The crypto lending market has become more transparent than ever — led by the likes of Tether, Nexo and Galaxy — and has just hit an aggregate loan book of nearly $25 billion outstanding in the third quarter.

The size of the crypto lending market has increased by more than 200% since the beginning of 2024, according to Galaxy Research. Its latest quarter puts it at its highest since its peak in Q1 2022.

However, it has yet to return to its peak of $37 billion then.

The main difference between then and now is the number of new centralized finance lending platforms and much more transparency, said Galaxy’s head of research, Alex Thorn.

Thorn said on Sunday he was proud of the chart and the transparency of its contributors, adding that it is a “big change from prior market cycles.”

The crypto lending landscape has seen many new platforms in the past three years. Source: Alex Thorn

Tether and new players dominate CeFi lending market

The CeFi lending landscape was dominated by a handful of platforms during the previous market cycle peak.

These included Genesis, BlockFi, Celsius and Voyager, all of which were significantly impacted by their exposure to the exchange FTX, which collapsed in November 2022. 

Celsius had already filed for bankruptcy in July 2022, before the demise of FTX, primarily due to exposure to Three Arrows Capital.
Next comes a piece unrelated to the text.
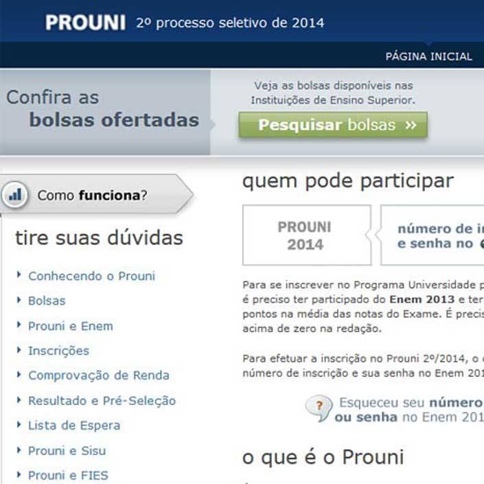 Como participar Para se inscrever, o candidato precisa ter feito o Exame Nacional do Ensino M?dio (Enem) em 2013 e ter conclu?do o ensino m?dio integral ou parcialmente na rede p?blica, ou integral ou parcialmente na rede privada, desde que tenha recebido bolsa de estudos integral. A participa??o ? vedada a quem j? tem um diploma de curso superior. Tamb?m se encaixam nos requisitos do Prouni os estudantes com defici?ncia e os professores da rede p?blica que atuem na educa??o b?sica.

Related: Stablecoin giant Tether backs Ledn, targets global crypto lending

However, Thorn argues that following the exit of many FTX-linked platforms, the vacuum has been filled by more transparent players and healthier practices.

Stablecoin issuer Tether has $14.6 billion of open loans, or 60% market share, as of Sept. 30. Nexo and Galaxy were second and third, respectively, with $2 billion and $1.8 billion in loans, reported Galaxy.

Tether publishes quarterly attestations, while Galaxy and Coinbase data are presented in the form of public financial reports. Nexo proactively provides data to Galaxy Research, said Thorn.

CeFi lenders have also become far more conservative after the 2022 collapses.

Uncollateralized lending has largely disappeared as surviving firms adopted stricter risk controls, full collateralization standards and greater transparency to pursue public listings and institutional capital.

DeFi lending hits an all-time high 

Meanwhile, the dollar-denominated value of outstanding loans on decentralized finance applications reached another new quarter-end all-time high in Q3, growing by 54.8% to $41 billion, as reported by Galaxy last month. 

Combining DeFi apps with CeFi lending venues, there were $65.4 billion of outstanding crypto-collateralized borrows at quarter-end, a new all-time high, it noted.